Comparing Seamus Heaney’s Digging and Eavan Borland’s In Search of a Nation

726 Words2 Pages

Comparing Seamus Heaney’s Digging and Eavan Borland’s In Search of a Nation

Seamus Heaney’s “Digging” and Eavan Borland’s “In Search of a Nation” focus on issues involving identity. Boland’s essay reveals an individual uncertain in her personality, sexuality, and nationality while Heaney’s poem depicts a man who recognizes his family’s lineage of field laborers yet chooses the pen over the shovel. The benefit of reading the two works vis-a-vis reveals how Ireland has influenced their lives.

Heaney’s use of “digging” provides different metaphorical images. For example, as Heaney sits at the window he hears:

…a clean rasping sound

When the spade sinks in to gravelly ground:

My father, digging. I look down 5

Till his straining rump among the flowerbeds

Bends low, comes up twenty years away

Stooping in rhythm through potato drills

Where he was digging (3).

Heaney emphasizes the aspect of time claiming that his father has been laboring for twenty years. He implies that during the twenty years a shift took place from the potato drills to flowerbeds. The shift represents the possible retirement of his father from fieldwork to something more recreational, e.g. gardening, and hints at mortality. The image of a flowerbed invokes a flower arrangement for a gravesite. The imagery coupled with the use of past tense indicates that his father has passed away.

In addition to the aspect of time the fact that he is listening to his father dig suggests a sense of oral tradition that has been passed on to him. Heaney describes his father as being “Just like his old man” linking himself to his own grandfather (3). Though he has not actively participated in his father’s laboring Heaney would have been able to hear the stories of working in the potato fields. As a result Heaney has learned the historical 1importance of the previous generation.

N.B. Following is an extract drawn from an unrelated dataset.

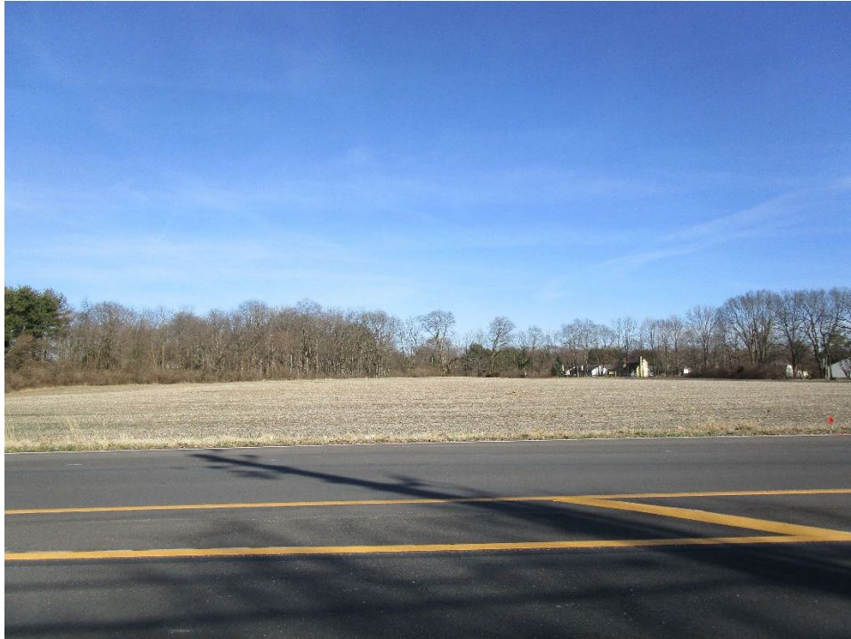
View of site looking east, across North Raceway Road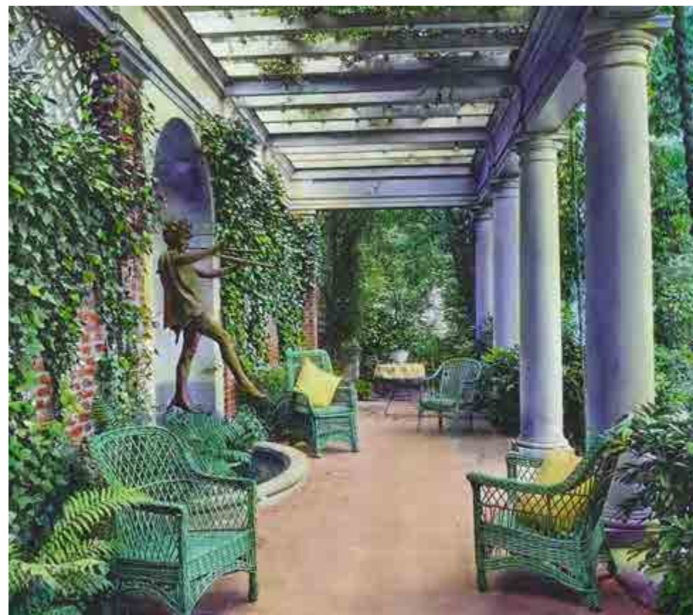
Garden Club of Philadelphia - Laverock Hill, Pa.

Boland relates well with Heaney in terms of a tradition that in her case is more literary than oral. In her teen years after reading the poem “The Fool” by Padraic Pearse she unearths deeply seeded emotions of Irish patriotism:

What I see is the way a poem about nationhood has suddenly included me… The

inclusion is not by address or invocation but by a sweeping and self-proposing act of

language that speaks to all the longings I have for grandiloquence and certainty (53).